- Director:Tony Gilroy
- Cast:Paul Giamatti, Clive Owen, Julia Roberts, Tom Wilkinson
- Release Date:March 19, 2009
- Running time:125 minutes
- Film Worth:$9.00
- FILMINK rates movies out of $20 - the score indicates the amount we believe a ticket to the movie to be worth
“…essentially formulaic fare…”
How many movies have you seen where two ruthless competitors or opponents fall in love? Well, here comes another one. To be fair, Duplicity is not quite as predictable as one might fear. It's slick, but it's also labyrinthine. Trickery and deception abound, and the action is constantly moving around in both time - 2003, 2006, 2008 - and space: Dubai, New York, London, Miami. The real problem is simply that the business world is inherently rather dull (although Tony Gilroy's previous feature Michael Clayton made a slightly better stab at concealing that fact), and so is industrial espionage. It's also of course highly lucrative, which is what prompts our two protagonists - Claire Stenwick (Julia Roberts) and Ray Koval (Clive Owen) - to quit the CIA and MI6 and start snooping for multinational corporations.

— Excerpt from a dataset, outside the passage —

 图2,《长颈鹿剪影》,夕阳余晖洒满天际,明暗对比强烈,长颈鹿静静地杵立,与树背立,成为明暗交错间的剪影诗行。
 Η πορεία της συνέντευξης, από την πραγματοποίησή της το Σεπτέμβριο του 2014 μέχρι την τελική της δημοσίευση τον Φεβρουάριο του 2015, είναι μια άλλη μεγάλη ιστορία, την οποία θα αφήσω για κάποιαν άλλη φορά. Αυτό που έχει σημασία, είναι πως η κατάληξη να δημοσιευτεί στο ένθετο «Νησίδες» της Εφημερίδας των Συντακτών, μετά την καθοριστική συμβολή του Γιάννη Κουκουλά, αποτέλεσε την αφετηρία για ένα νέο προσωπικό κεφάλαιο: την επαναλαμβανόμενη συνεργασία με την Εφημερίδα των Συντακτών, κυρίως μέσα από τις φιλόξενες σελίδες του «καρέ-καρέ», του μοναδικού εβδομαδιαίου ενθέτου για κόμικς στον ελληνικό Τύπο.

Claire and Ray may or may not be loyal servants of archetypal fat cats Howard Tully (Tom Wilkinson) and Dick Garsik (Paul Giamatti). Paranoia and distrust abound but, as Ray shruggingly observes, such feelings are not confined to the financial sector: "Nobody trusts anybody. We just cop to it." The pair of them, the CEOs, and just about everyone else set out to obtain and secure the formula to a revolutionary new product which could bring them enormous wealth.

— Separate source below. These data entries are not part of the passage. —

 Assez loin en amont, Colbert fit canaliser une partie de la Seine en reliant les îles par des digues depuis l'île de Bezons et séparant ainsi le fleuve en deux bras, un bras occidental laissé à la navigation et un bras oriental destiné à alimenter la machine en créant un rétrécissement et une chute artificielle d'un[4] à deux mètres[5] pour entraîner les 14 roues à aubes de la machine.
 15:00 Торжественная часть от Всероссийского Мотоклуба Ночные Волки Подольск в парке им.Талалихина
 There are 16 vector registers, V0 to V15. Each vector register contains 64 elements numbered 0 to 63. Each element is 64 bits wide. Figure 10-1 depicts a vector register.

There are a few mildly amusing (and cruelly cynical) moments here, such as the scene where Ray seduces a woman by passing himself off as a pediatric cardiologist en route to helping the sick children of Ethiopia. Duplicity, however, is essentially formulaic fare. Although Julia Roberts is quite good, the love scenes look exactly like what they are: famous people pretending.